2 「食農教育」と「学校食」でひらく未来 徳島・神山町

4)すべての子どもに農体験を

フードハブの食育係として5年間、樋口さんは保育所から高校まですべての学校で、食育の取り組みを広げていった。子どもたちは、食の循環を体験するなかで、自分たちが暮らす地域のつながりを理解していく。その姿を見て、樋口さんのなかに「地域の大人として、このまちの子どもたちが自然に知っていることのひとつに農業があるといい」という思いが生まれた。

子どもたち自身はどう思っていたのだろうか? 樋口さんらが、小学校の5年生で初めて田植えを経験した中学3年生の生徒たち、「農体験をしてみてどうだった?」と尋ねると、「農作業をしている人たちの見え方が変わった」「なんでもなかった風景がちゃんと真正面に見えるようになった」という答えが返ってきたそうだ。

———それを聞いて鳥肌が立ちました。私自身も、田んぼに入って米づくりをするなかで、風景の見え方が変わっていったから、納得感が大きかったのだと思います。私は、先生になって教科書で初めて「枝豆は大豆」だと知りましたし、野菜の育て方もいちいち検索しないとわからなかった。神奈川で働いていた頃、新鮮で安全な野菜を手に入れることは、お店で無農薬と書かれた少し高い野菜を選ぶという買い方の問題でした。ところが神山にいると、本来は近くで採れる野菜をおいしく食べるというシンプルなあり方が、豊かさにつながっているのだと実感するようになったんです。

子どもたちと自分自身の実感が重なり合っているという手応えを得て、樋口さんたちは「食育」を「食農教育」へと呼び方を変えた。食育に取り組む学校は全国にも多くあるが、食農教育に取り組む学校はまだ少ない。その活動の意義を広め、より食農教育に特化したしくみをつくるために、フードハブの食育部門を独立させてNPO法人化することにした。設立準備には、フードハブのメンバーや神山つなぐ公社のメンバーも加わり、2022年3月にNPO法人まちの食農教育が立ち上がった。合言葉は「すべての子どもに農体験を」である。

———「食べる」は誰にとっても身近だけれど、「つくる」「育てる」となるとちょっと距離があります。農体験を通して、「育てる」体験を日常のものにしてほしいと思い、「すべての子どもに農体験を」を合言葉にしています。たしかに、種を選んで植えて育てて収穫すること、種をつないでいくことには時間も手間もかかります。でも、土に触れて野菜を育てていれば五感でいのちの循環を捉えられるし、農が食を支える基盤であることも自ずとわかってきます。さらに、収穫した野菜を販売したり、調理したり商品にしたりする工程を知っていくと、食べ物の背景にある循環にも、自然と目を向けられるようになります。

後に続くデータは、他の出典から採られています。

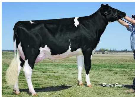
MALLENMAR FINAL FANTASY
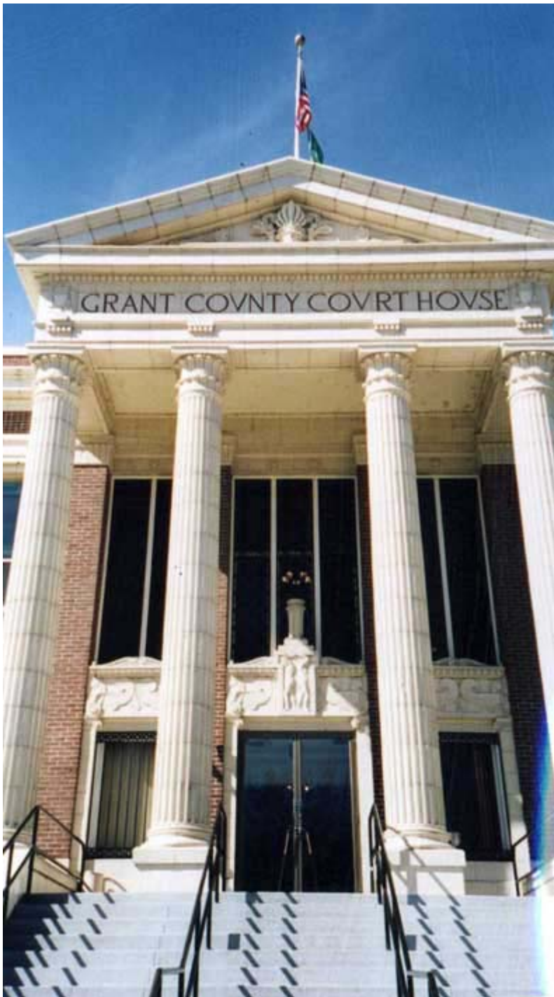
Ephrata is the seat of Grant County, hosting the County's courthouse as well as regional headquarters for federal agencies.
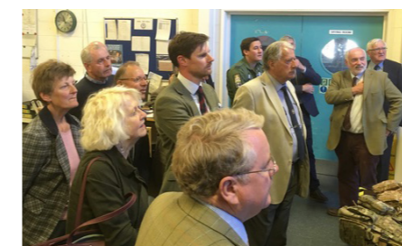
Survival training was part of a full day at RAF Waddington
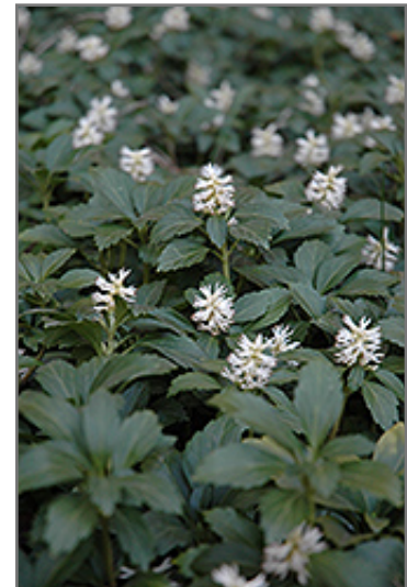
Japanese Spurge flowers
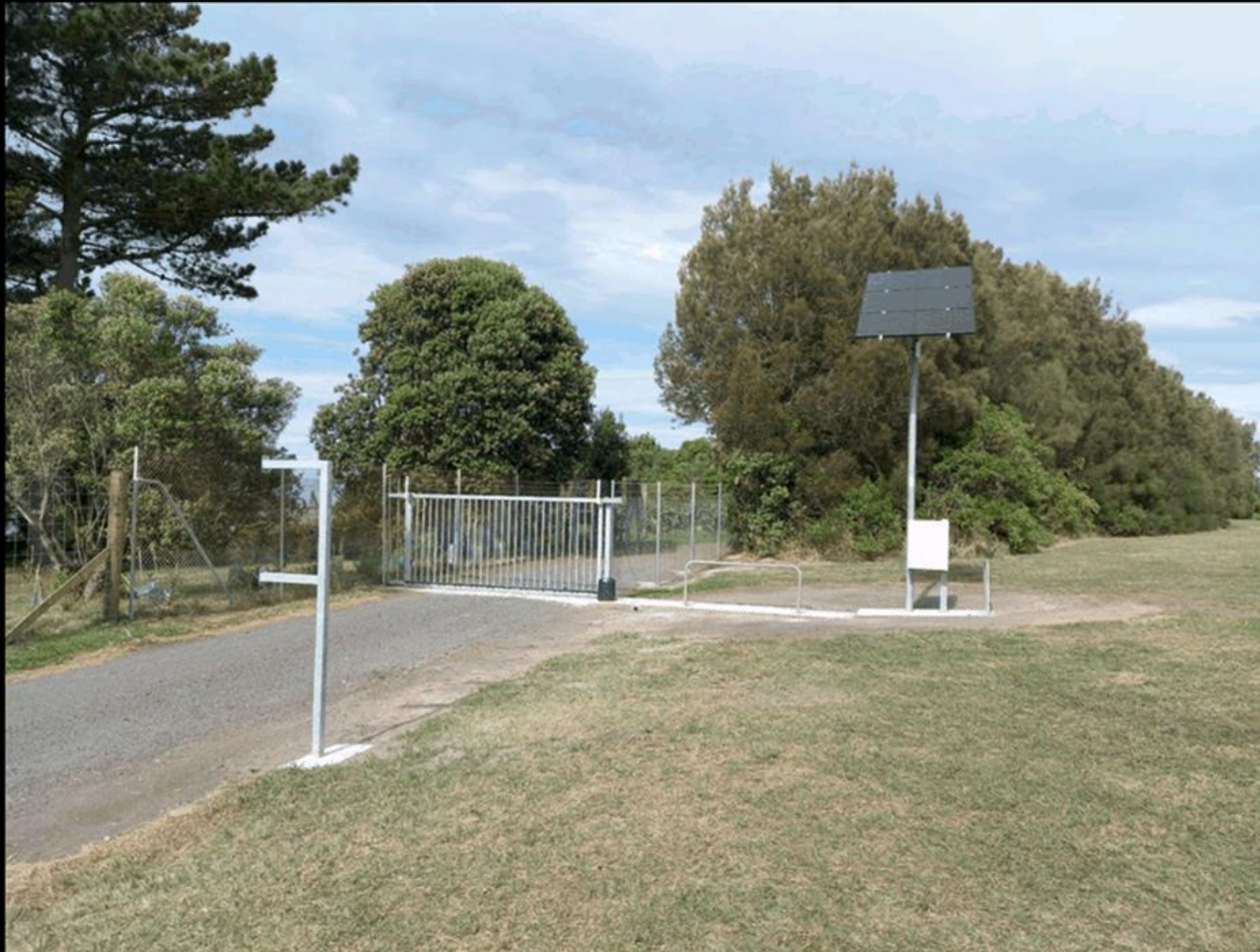
1800. Wairoa WWTP - Gate
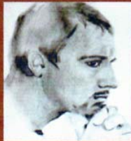
A Sampling of last month's artwork.
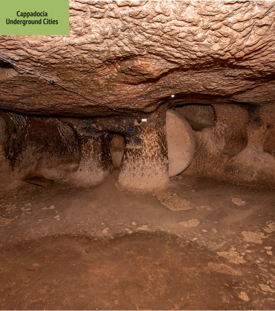
Cappadocia Underground Cities

There are about 150-200 of underground settlements of various sizes, which are one of the most interesting cultural riches of the Cappadocia Region. This number may increase even more since there are large and small rock settlements in all the towns and villages in the Cappadocia Region. Most of these rock settlements were built by carving down soft tuff downwards deeply. The reason for the construction of underground cities is for people to secure themselves. Hundreds of rooms in underground cities are connected to each other through long galleries and tunnels like labyrinths. The reason why galleries are low, narrow and long is to limit the movement of the enemy.

食べるという行為は、いのちの循環に参加することだ。しかし、どこで誰がつくったのかわからない食べ物を、お腹を満たすために買って食べる日常では、「つくる」人の姿も「育てる」風景も見えてこない。子どもだけでなく大人にも、「つくる」「育てる」体験が必要だと思う。それはきっと、いのちの風景を取り戻す手がかりになるはずだ。